Just like that, after a week and a half of frenzied speculation, the Twitter acquisition now seems to have come to a screeching halt, as it is becoming unlikely that any of three of the main candidates who were said to be in the running, Salesforce, Google or Disney, are actually going to follow through.
It had seemed that Google was the most likely acquirer of Twitter, mostly because it has been the most frequently assumed target for such a purchase, given how badly that company wants to get social right after it failed with Google+. There have been speculation about this kind of deal going all the way back to 2009. Remember that Twitter was only founded in 2006, so this has been going on for most of its life.

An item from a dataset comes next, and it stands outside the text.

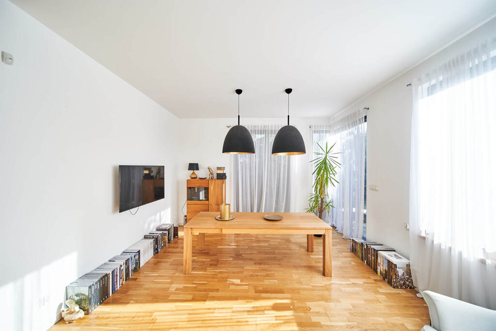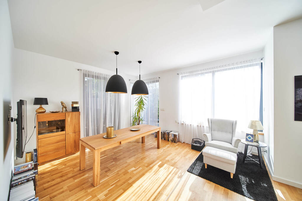 Wysoki standard wykończenia ? naturalne materiały, dębowe podłogi, drewniane okna, kuchnia ze sprzętem premium.

Disney also made some sense, as it could benefit from Twitter becoming more of a media company. That would certainly have appealled to Disney, which owns both ABC and ESPN, and might have been looking for a social media platform to leverage all of that content, especially as people have started to cancel their cable subscriptions.
ABC currently allows users to live stream its shows on its website, in certain markets, and to watch the most recently aired episodes ABC Overview, but buying Twitter automatically brings in over 300 million users already familiar with the service.
Twitter's deal with the NFL to air Thursday Night Football games seemed like a reason it would be interesting to Disney, since ESPN owns the rights to Monday Night Football.
There's also the fact that Jack Dorsey, chief executive officer of Twitter, currently sits on the board of directors at Disney, so the company would seem to have a potential in to getting access to Twitter.
According to ReCode's reporting, Apple was also in the mix to buy Twitter (thought I had not heard the name come up) and it too has decided not to make a bid.
No reasons were given for why any of these companies seemingly changed their plans.
These reports leave only Salesforce as a potential acquirer right now, and CEO Marc Benioff didn't sound all that enthusiastic about it when speaking to CNBC's Jim Cramer on Wednesday.
"It's a great product," Benioff said. "It's an exciting product, but obviously the business has a lot of challenges, very severe challenges."
While he wouldn't comment directly about the potential deal, as is his standard practice, his statements do not make it sound like it's going to happen.
"All I can do is one thing, which is wish my good friend Jack Dorsey well. He is the CEO of that company. It's his job to make that a great company. It is my job to make Salesforce a great company."
Salesforce always felt like a longshot for this acquisition, as it never seemed like as much of an obvious fit, given that Twitter is a consumer driven service and Salesforce is a cloud services provider for the enterprise.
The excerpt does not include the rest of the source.